Exercise prompt :: If pictures appear among the lines below, leave them out while you return exactly the lines from the one with "私が持ち込んだレコードをまず" through the one with "次は鹿児島県・阿久根市です。".

Supplied data ::
..........

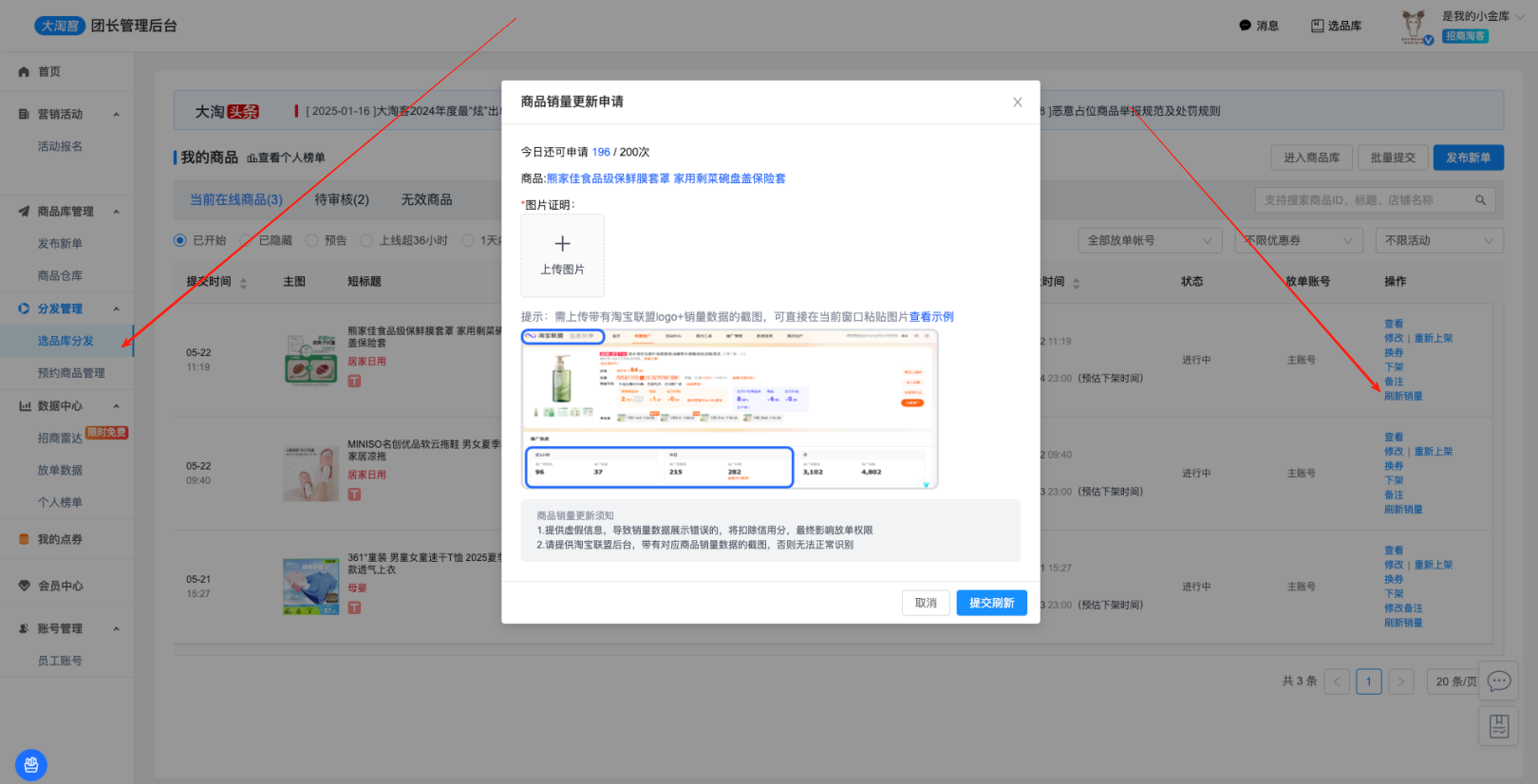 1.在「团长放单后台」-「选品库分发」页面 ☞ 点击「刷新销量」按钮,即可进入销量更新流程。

..........

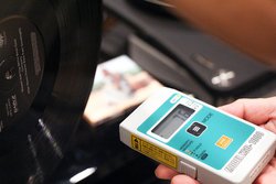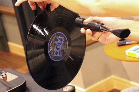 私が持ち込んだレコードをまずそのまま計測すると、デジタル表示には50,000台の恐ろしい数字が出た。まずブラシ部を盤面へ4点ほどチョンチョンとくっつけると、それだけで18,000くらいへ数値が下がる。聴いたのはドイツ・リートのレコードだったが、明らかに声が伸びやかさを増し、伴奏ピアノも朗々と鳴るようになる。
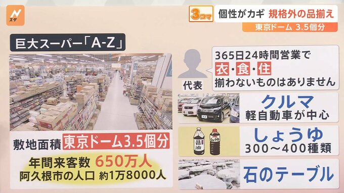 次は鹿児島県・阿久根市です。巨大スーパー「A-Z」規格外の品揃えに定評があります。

..........

Answer box ::
 私が持ち込んだレコードをまずそのまま計測すると、デジタル表示には50,000台の恐ろしい数字が出た。まずブラシ部を盤面へ4点ほどチョンチョンとくっつけると、それだけで18,000くらいへ数値が下がる。聴いたのはドイツ・リートのレコードだったが、明らかに声が伸びやかさを増し、伴奏ピアノも朗々と鳴るようになる。
 次は鹿児島県・阿久根市です。巨大スーパー「A-Z」規格外の品揃えに定評があります。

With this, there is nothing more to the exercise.